Simulations of the electrochemical redox titration behavior of the high- and low-potential heme b groups of the quinol:fumarate reductase from W. succinogenes by multiconformation continuum electrostatics calculations exhibit a very high degree of agreement with respect to the experimentally determined midpoint potentials of the hemes. Several ionized basic (Lys and Arg) residues have been identified to have a relevant electrostatic interaction with the oxidized heme species, hence tuning the two midpoint potentials to the observed values. The incorporation of water molecules in the calculations has a noticeable effect on the absolute values of the obtained midpoint potentials although the relative difference of the two obtained midpoints does not change significantly. The MCCE calculations clearly show that the low-potential heme corresponds to the distal position in the structure, and the high-potential is identical to the proximal heme. This assignment could not be achieved unequivocally with experimental methods. In addition, the currently discussed mechanism or E-pathway hypothesis of coupled electron and proton transfer in the QFR of W. succinogenes is further supported by the results of this study. The simulations show that the protonation state of the key amino acid residue Glu C180 depends on the redox states of the heme groups as suggested by the E-pathway hypothesis. This result yields a possible mechanism for the coupling of transmembrane proton transfer via Glu C180 to the electron transfer via the heme b groups, since Glu C180 could be part of a proton wire and its redox-dependent protonation state could serve as the regulatory element for the E-pathway. Furthermore, the results of simulated heme reduction indicate that the side chain of Glu C180 also changes its conformation with respect to the redox state of the hemes. Both major results concerning the role of Glu C180, the change of protonation as well as the reorientation of the side chain upon reduction of the heme groups, are consistent with results from electrochemically induced FTIR difference spectroscopy on the QFR from W. succinogenes (A. H. Haas, U. S. Sauer, R. Gross, J. Simon, W. Mäntele, and C. R. D. Lancaster, unpublished). The ring C-propionate of the distal heme is found to be fully protonated in all simulated redox states, indicating a possible role as a transient proton donor/acceptor in the E-pathway.

APPENDIX: GLOSSARY

Abbreviations

• Arg⁺, ionized arginine.

• Arg⁰, neutral arginine.

• FAD, flavin adenine dinucleotide.

• Glu⁻, ionized glutamate.

• Glu⁰, neutral glutamate.

• MK, menaquinone.

• MKH₂, menaquinol.

• Paa, heme ring D-propionate.

• Pdd, heme ring C-propionate.

• SHE′, standard hydrogen electrode at pH 7.

Symbols

• E_h, ambient redox potential.

• E_m, oxidation-reduction (midpoint) potential.

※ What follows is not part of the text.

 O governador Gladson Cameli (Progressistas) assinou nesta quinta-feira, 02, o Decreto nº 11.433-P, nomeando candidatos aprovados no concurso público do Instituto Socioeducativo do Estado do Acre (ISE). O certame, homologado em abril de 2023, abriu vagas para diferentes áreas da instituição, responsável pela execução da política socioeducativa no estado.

• ΔG(n), free energy of protein microstate n.

• pK_sol(i), pK_a of ionizable group i in aqueous solution.

• ΔΔG_rxn(i), reaction field energy (desolvation penalty) of residue i.

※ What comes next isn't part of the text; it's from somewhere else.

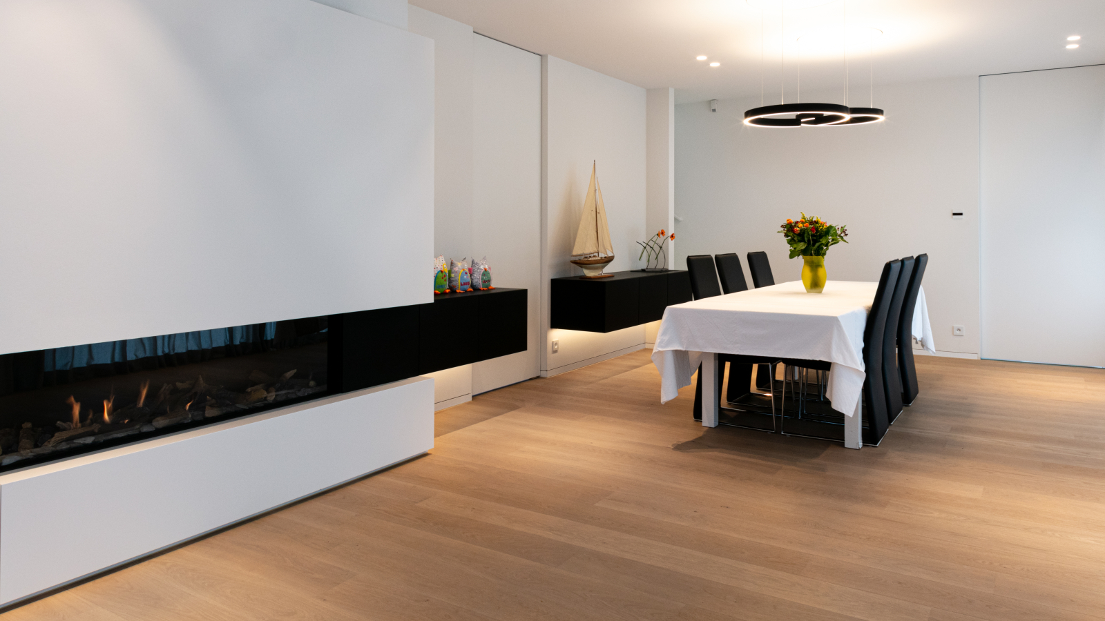 Minimalistische nieuwbouwwoning: Gelijkvloers en verdieping: Half massief Europees eiken parket / toplaag 6mm in 1e keuze eik Plankbreedte 20cm / V-voeg aan langszijden / geoliede afwerking (Grey Light)

• ΔG_pol(i), interaction energy of residue i with polypeptide backbone and polar side chains.

• ΔG_nonel(i), nonelectrostatic (Lennard-Jones) interaction of residue i with the backbone and side chains with no conformational degrees of freedom.

• ΔG_crg(i,j), pairwise electrostatic interaction energy of residues i and j.

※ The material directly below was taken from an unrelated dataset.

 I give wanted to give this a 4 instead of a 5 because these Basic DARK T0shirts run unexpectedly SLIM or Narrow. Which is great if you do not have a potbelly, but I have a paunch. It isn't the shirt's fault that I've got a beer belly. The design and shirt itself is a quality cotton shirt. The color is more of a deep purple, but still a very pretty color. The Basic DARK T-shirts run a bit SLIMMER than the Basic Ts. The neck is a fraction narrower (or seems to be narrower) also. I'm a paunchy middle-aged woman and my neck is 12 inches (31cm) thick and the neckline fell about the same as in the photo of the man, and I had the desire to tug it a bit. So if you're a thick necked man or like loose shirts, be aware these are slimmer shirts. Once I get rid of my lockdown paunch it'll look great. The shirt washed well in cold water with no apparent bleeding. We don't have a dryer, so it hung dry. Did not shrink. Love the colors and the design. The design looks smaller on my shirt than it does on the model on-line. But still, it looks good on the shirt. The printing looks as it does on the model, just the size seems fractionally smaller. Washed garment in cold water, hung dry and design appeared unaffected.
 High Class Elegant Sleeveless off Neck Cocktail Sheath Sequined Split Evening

• ΔG_nonel(i,j), pairwise nonelectrostatic (Lennard-Jones) interaction of residues i and j.

• pK_int, pK_int = pK_sol − c_a(ΔpK_desolv + ΔpK_pol), the pK_a of an ionizable group in the protein with all other groups in their neutral state, with c_α = 1 for bases and c_α = −1 for acids.

Interconversion of energy units

• 1 kcal/mol = 4.184 kJ/mol.

• 1 ΔpK unit = 1.38 kcal/mol.

• 1 kT = 0.59 kcal/mol = 0.43 ΔpK units.

• 1 eV = 23.06 kcal/mol = 16.71 ΔpK units.